Homemade - Dhokla (1 grams)
Breakfast
154 mg/dL
Usually causes a large spike
Avg. Food Score on Ultrahuman App
Ultrahuman Users got an UNSTABLE response
How to consume Homemade - Dhokla without glucose spikes
Portion Control
Limit the amount of dhokla you consume in one sitting to prevent large spikes in glucose levels.
Protein Pairing
Eat dhokla with a source of protein like Greek yogurt or cottage cheese. This can help slow down the absorption of carbohydrates.
Fiber Addition
Include a side of vegetables such as a salad or steamed greens. The fiber in these foods aids in the gradual release of glucose into the bloodstream.
Healthy Fats
Incorporate healthy fats such as avocado or nuts alongside your meal.
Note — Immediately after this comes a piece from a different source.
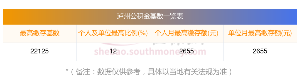 依据泸州有关部门关于2022年全市城镇全部单位就业人员平均工资的通告中公布的我市城镇非私营单位就业人员平均工资数据,我市住房公积金缴存基数上限标准调整为22125元。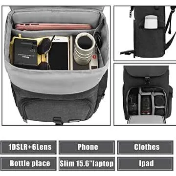 CADeN Camera Backpack Canvas Camera Bag for DSLR/SLR Mirrorless Camera with 15.6 inches Laptop Compartment, Camera Case Compatible for Sony Canon Nikon Cameras and Lens Tripod Waterproof Black

These can help stabilize blood sugar levels.
Timing
Avoid having dhokla on an empty stomach. Consuming it alongside other low-carb, nutrient-dense foods can help ease the digestive process.
Post-Meal Activity
Engage in light physical activity like a brisk walk after eating. This can help improve insulin sensitivity and lower blood sugar levels.
Hydration
Drink water throughout the day and have a glass before your meal to help with digestion and glucose regulation.
Spice it Up
Use spices like cinnamon or fenugreek in your meal preparation. These spices are known to help with blood sugar control.
Mindful Eating
Eat slowly and mindfully, savoring each bite. This practice can help prevent overeating and allow your body to better manage glucose levels.